予防接種は「医療費控除」の対象になる? ならない? 補助金の活用も解説

医療費控除とは、納税者やその家族が1年間に支払った医療費を確定申告することで、納付する所得税を減らすことができる制度です。申告できる医療費には診察費や入院費などいろいろなものがありますが、インフルエンザの予防接種費は医療費控除の対象とならないので注意が必要です。

この記事では、医療費控除の対象となるもの、ならないもの、注意点などを解説していきます。インフルエンザの予防接種は自治体や会社から補助金が出る場合もあるので、併せて確認していきましょう。

インフルエンザなどの予防接種は医療費控除の対象外?

インフルエンザなどの予防接種はまとまった費用がかかるものの、医療費控除の対象外となっており注意が必要です。ここでは、医療費控除の仕組みや対象となる費用、ならない費用について詳しく解説していきます。

そもそも医療費控除とは?

医療費控除とは、1年間に支払った医療費が一定額を超える場合に確定申告をすると、課税所得を減らすことができ、その結果納める税金額も減らすことができる制度です。会社員などの給与所得者の場合は、確定申告をすることでいったん支払っていた税金が「還付金」という形で戻ってきます。

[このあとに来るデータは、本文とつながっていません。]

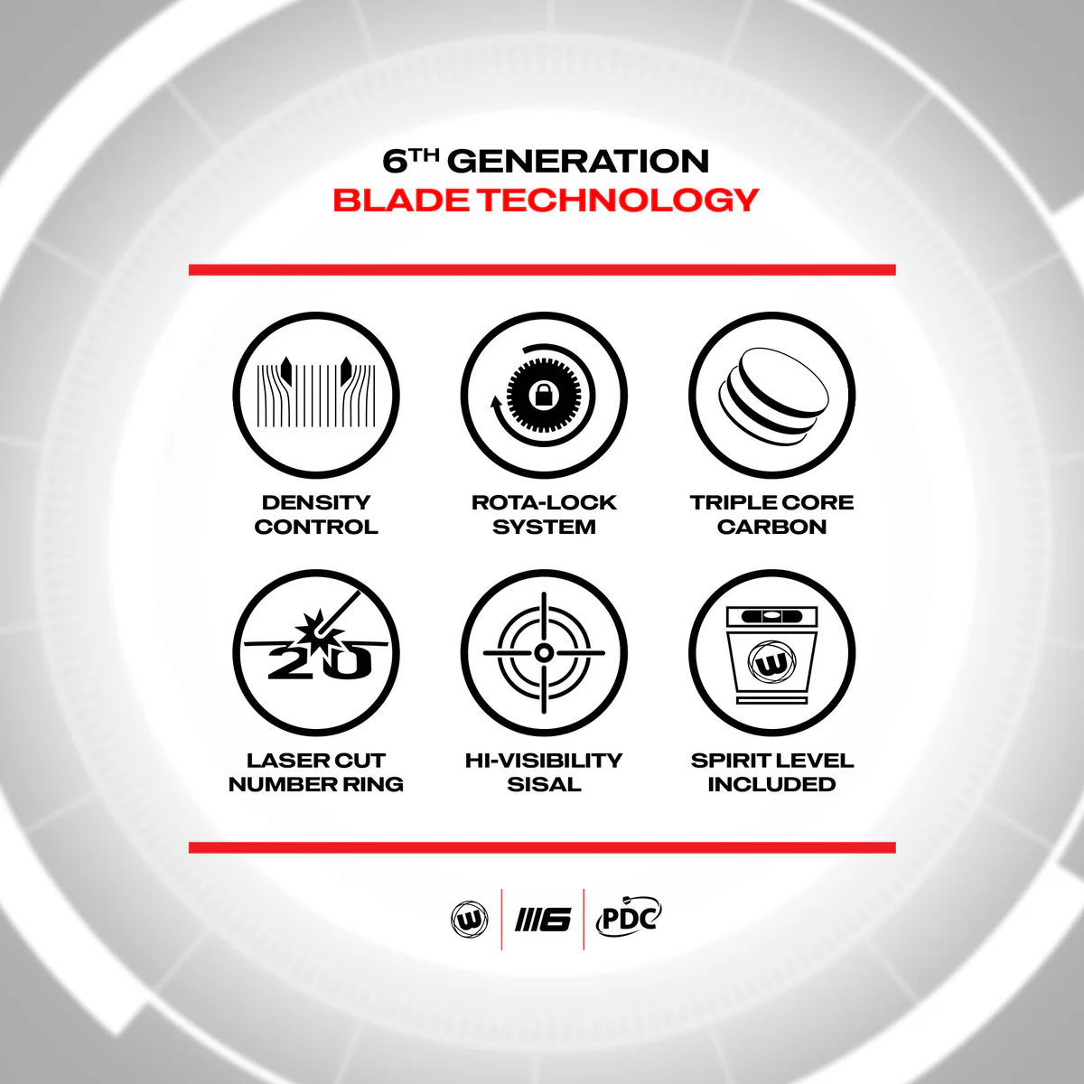 The Blade 6 Triple Core dartboard celebrates the latest PDC Exclusive Endorsement, where the world’s best professionals will now play the most technically advanced dartboard available, creating thousands of new stories.

所得控除できる金額は「1年間に支払った医療費−保険金などで補てんされた金額-10万円」と決められており、実質支払った医療費から10万円をひいた金額を「医療費控除」として申告することができます。
たとえば、年間の医療費に50万円かかり、医療保険などから20万円の保険金を受け取った場合は、「50万円−20万円−10万円=20万円」となり、20万円を医療費控除として申告することができます 。

医療費控除できる金額は、最高で200万円までとなっています。ただし、総所得金額が200万円未満の人の場合は、控除できる金額の上限は「総所得金額等の5%まで」となっているので注意が必要です。

課税所得金額を減らせる「所得控除」については、この記事も参考にしてください。

関連記事:申告すれば戻ってくる? 「払った税金」に関する所得控除とは

医療費控除の対象となる費用・ならない費用

医療費控除で確定申告できる医療費は以下のようになっており、申告できるものと申告できないものがあります。

〇対象となる費用
医師や歯科医師による診療費/通院費/入院時の部屋代や食事代など

✖対象とならない費用
予防接種代/自家用車で通院した場合のガソリン代/美容整形費用/医師・看護師への謝礼など

医療費控除の対象となる費用は「病気を治すための費用」と考えることができ、入院時の部屋代や食事代なども含まれます。ただし、個室を希望したときの差額ベッド代は対象外となりますので注意しましょう。

人間ドッグや健康診断などの費用は医療費控除の対象外となっています。ただし、健康診断の結果、病気が発見されて引き続き治療を受けたときや、特定健康診査を行った医師の指導に基づいて一定の特定保健指導を受けたときには、これらの費用は医療費控除の対象となり、医療費控除をすることができます。また、医療費控除では、申告する本人の分だけではなく、家族が支払った医療費もまとめて申告することができます。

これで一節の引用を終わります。